U.S. Troops Hone Cold War Skills

cold war

By Debbie Gregory.

In light of increasing threats from Eastern Europe, the United States Army is focused on relearning Cold War-era skills to confront potential Russian threats.

The adjustments include re-camouflaging vehicles to blend into the terrain, dispersing into smaller groups to avoid sophisticated surveillance drones and the use of netting to hide troop positions.

Senior Army commanders are rehearsing updated tactics and strategies that had been previously used to counter Soviet troops when the Berlin Wall was still standing, although the U.S. Army’s presence in Europe is a far cry from the height of the Cold War, when 300,000 soldiers were stationed there, versus 30,000 soldiers.

Russia’s hybrid warfare combines conventional military might with the ability to manipulate events using a mix of subterfuge, cyber-attacks and information warfare. The U.S. and NATO allies recently positioned some 4,500 soldiers in the three Baltic States and Poland as a deterrent to Russian aggression.

American intelligence is closely watching Russian operations in Crimea, eastern Ukraine, and Syria.

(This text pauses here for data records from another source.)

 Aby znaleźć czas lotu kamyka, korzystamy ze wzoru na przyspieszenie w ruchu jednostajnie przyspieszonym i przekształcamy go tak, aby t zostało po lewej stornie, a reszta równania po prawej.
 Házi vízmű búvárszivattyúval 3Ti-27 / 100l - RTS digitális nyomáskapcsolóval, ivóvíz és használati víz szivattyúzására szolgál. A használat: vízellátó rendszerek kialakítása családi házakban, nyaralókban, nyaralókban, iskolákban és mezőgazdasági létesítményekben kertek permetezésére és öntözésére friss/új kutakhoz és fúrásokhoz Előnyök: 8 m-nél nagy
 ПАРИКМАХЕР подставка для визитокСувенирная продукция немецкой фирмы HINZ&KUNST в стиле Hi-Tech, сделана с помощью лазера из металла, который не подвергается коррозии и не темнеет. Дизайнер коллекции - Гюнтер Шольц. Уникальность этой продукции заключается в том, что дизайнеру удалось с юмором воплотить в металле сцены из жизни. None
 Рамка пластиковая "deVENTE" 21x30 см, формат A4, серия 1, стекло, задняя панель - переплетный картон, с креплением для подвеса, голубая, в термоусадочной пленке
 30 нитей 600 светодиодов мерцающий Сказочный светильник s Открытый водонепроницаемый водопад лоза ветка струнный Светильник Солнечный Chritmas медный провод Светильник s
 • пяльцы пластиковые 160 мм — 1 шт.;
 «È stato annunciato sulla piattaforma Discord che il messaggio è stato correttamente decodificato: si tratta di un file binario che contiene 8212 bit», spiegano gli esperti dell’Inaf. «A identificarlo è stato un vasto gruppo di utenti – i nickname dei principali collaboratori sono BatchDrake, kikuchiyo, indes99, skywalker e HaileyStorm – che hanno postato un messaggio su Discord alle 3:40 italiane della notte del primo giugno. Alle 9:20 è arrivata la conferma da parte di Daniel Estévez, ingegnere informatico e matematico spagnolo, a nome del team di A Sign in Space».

The colonels who will more than likely be the next generation of Army generals have spent the bulk of their careers battling Al Qaeda or ISIS.

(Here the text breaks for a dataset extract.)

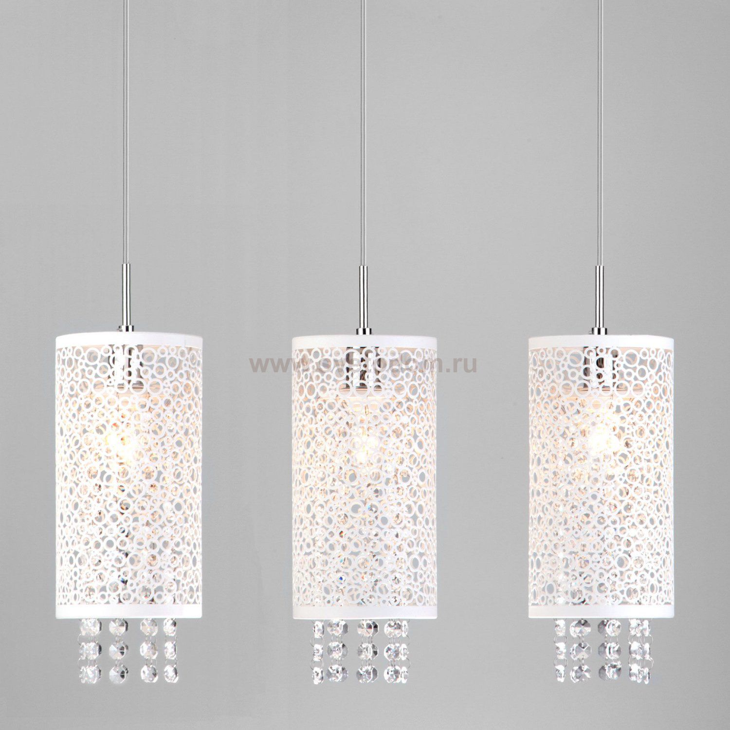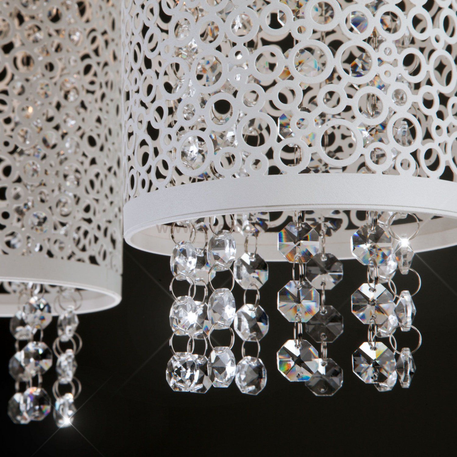 Светильник с металлическими плафонами белого цвета, украшен декоративным хрусталем, оснащен системой регулировки высоты подвеса, позволяющей размещать изделие на разных уровнях, уменьшая или увеличивая угол рассеивания светового потока. Данный светильник легко устанавливается на потолке при помощи монтажной планки.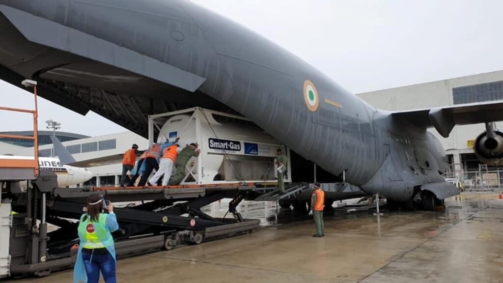 അടിയന്തര സഹായവുമായി യു.എസ് സൈനിക വിമാനം ഇന്ന് രാവിലെയാണ് ന്യൂദല്‍ഹി രാജ്യാന്തര വിമാനത്താവളത്തില്‍ ഇറങ്ങിയത്. യു.എസിന്റെ തന്ത്രപ്രധാനമായ എയര്‍ലിഫ്റ്റ് വിമാനങ്ങളിലൊന്നായ സി-5എം സൂപ്പര്‍ഗാലക്‌സിയിലാണ് വസ്തുക്കള്‍ എത്തിച്ചത്. മെയ് മൂന്നിനുള്ളില്‍ അടുത്ത രണ്ട് വിമാനങ്ങള്‍ കൂടി ദല്‍ഹിയില്‍ എത്തും.

Col. Clair A. Gill, a 1994 West Point graduate who commands the 10th Combat Aviation Brigade from Fort Drum, N.Y. was assigned to the 101st Airborne Division when Russia was still considered a threat. An accomplished Black Hawk helicopter pilot, Col. Gill spent most of his career battling Islamic militants. He has acknowledged that it took a while to adjust to preparing to fight more conventional battles.

Col. Gills’ West Point classmate, Col. Patrick Ellis, studied Russian to learn the language of his potential adversary. After the Sept. 11 attacks, Colonel Ellis was deployed multiple times to Afghanistan with specialized Army Ranger units.

Now Colonel Ellis commands the Second Cavalry Regiment in Europe.

“We know when we wake up every morning who the threat is,” Colonel Ellis said. “We’re very focused on the Russian threat.”